What you are asked to do >> Once the pictures are removed, restate the listing word for word.

Exercise data >>
--------------------------------------------------
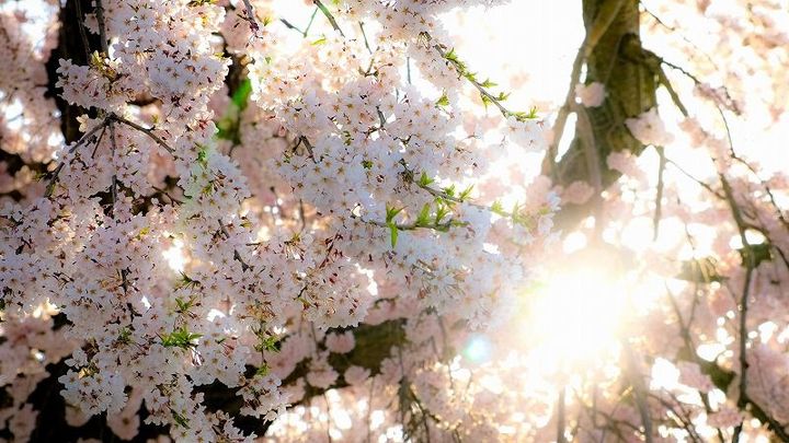 春の日差しの中、満開のしだれ桜が風に揺れます。木漏れ日が差し込み、桜の美しさと春の暖かさを感じさせてくれます。
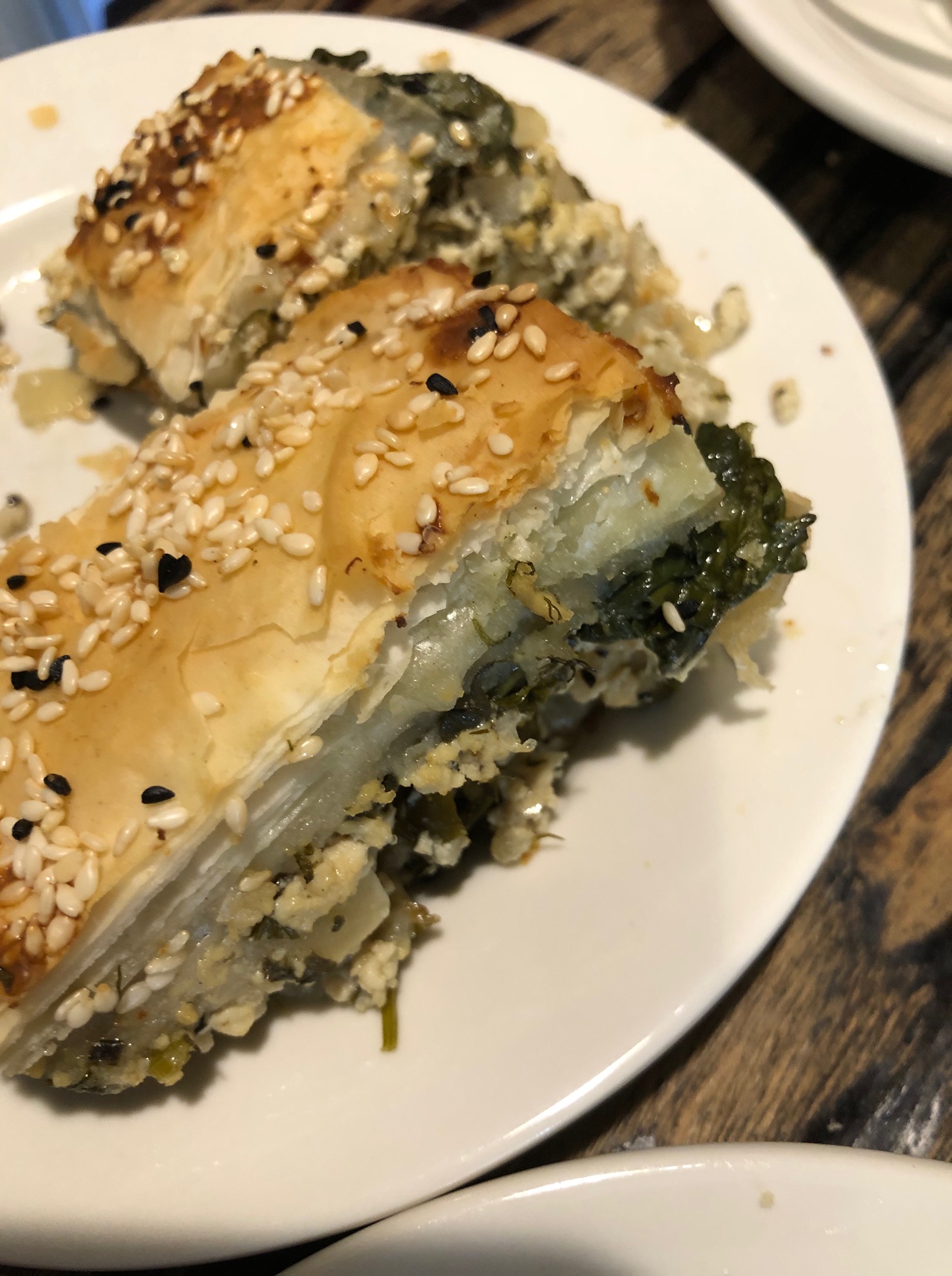 I admit that the oversized chocolate hazelnut baklava, more like a generously filled slice of pie and then with a layer of chocolate chips visible below the top crust, was oh so enticing. See the photo at the very top and admit that it’s what you’d pick too. But did I really want to limit myself to just one thing? In the end, two of us shared the spinach and cheese borek plus the orange blossom semolina cake. Thumbs up on both.
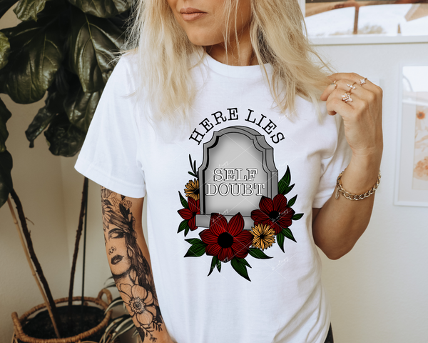 Here Lies Self Doubt (headstone, dark orange & yellow flowers) 8870 DTF Transfer
--------------------------------------------------
Answer to the exercise >>
 春の日差しの中、満開のしだれ桜が風に揺れます。木漏れ日が差し込み、桜の美しさと春の暖かさを感じさせてくれます。
 I admit that the oversized chocolate hazelnut baklava, more like a generously filled slice of pie and then with a layer of chocolate chips visible below the top crust, was oh so enticing. See the photo at the very top and admit that it’s what you’d pick too. But did I really want to limit myself to just one thing? In the end, two of us shared the spinach and cheese borek plus the orange blossom semolina cake. Thumbs up on both.
 Here Lies Self Doubt (headstone, dark orange & yellow flowers) 8870 DTF Transfer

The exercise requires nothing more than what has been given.